=== ASSIGNMENT ===
Exactly and only the lines below from the one containing "Primero la katana, parece" down to the one containing "When that property" are wanted, both included; please exclude every picture.

=== THE DATA ===
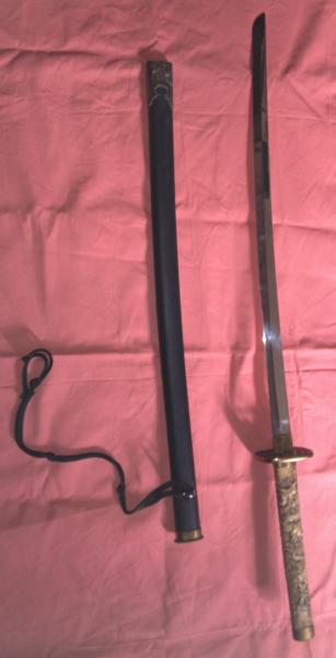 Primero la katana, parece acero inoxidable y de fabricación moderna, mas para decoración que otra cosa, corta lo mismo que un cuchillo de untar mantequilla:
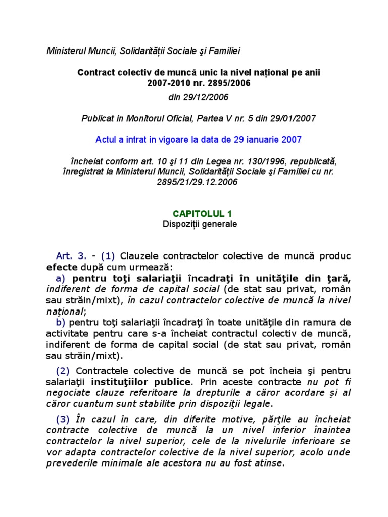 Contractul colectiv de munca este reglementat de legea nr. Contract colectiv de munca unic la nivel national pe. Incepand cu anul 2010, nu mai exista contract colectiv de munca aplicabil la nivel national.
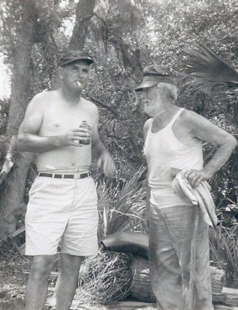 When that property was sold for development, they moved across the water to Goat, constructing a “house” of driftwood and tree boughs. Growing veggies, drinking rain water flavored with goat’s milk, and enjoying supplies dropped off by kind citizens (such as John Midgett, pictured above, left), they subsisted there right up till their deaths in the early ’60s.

...

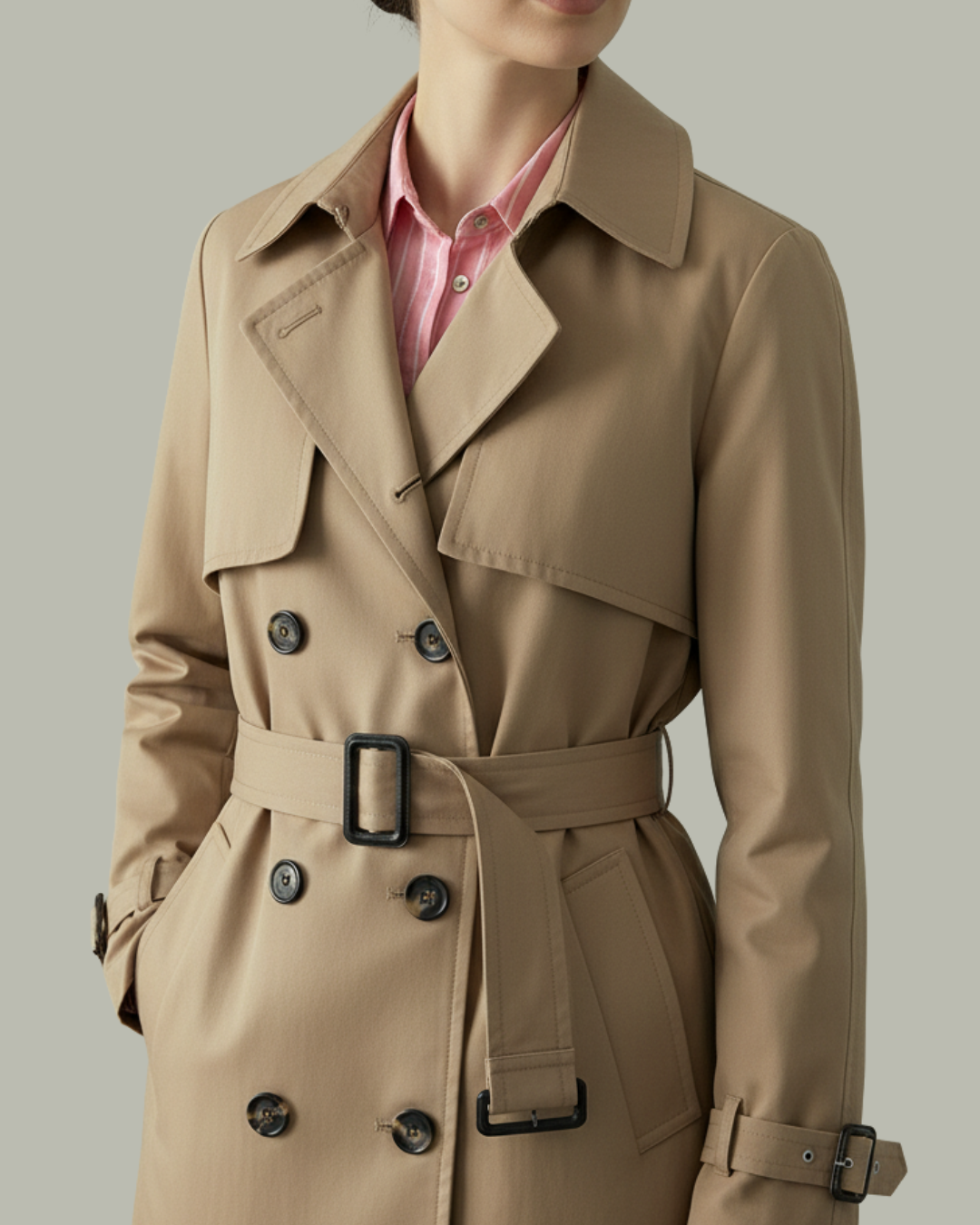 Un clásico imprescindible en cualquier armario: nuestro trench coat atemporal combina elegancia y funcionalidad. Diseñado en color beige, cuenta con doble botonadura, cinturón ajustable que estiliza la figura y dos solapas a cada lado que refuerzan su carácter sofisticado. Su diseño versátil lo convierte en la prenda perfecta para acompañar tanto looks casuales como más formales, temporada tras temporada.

=== ANSWER FOR THE TASK ===
 Primero la katana, parece acero inoxidable y de fabricación moderna, mas para decoración que otra cosa, corta lo mismo que un cuchillo de untar mantequilla:
 Contractul colectiv de munca este reglementat de legea nr. Contract colectiv de munca unic la nivel national pe. Incepand cu anul 2010, nu mai exista contract colectiv de munca aplicabil la nivel national.
 When that property was sold for development, they moved across the water to Goat, constructing a “house” of driftwood and tree boughs. Growing veggies, drinking rain water flavored with goat’s milk, and enjoying supplies dropped off by kind citizens (such as John Midgett, pictured above, left), they subsisted there right up till their deaths in the early ’60s.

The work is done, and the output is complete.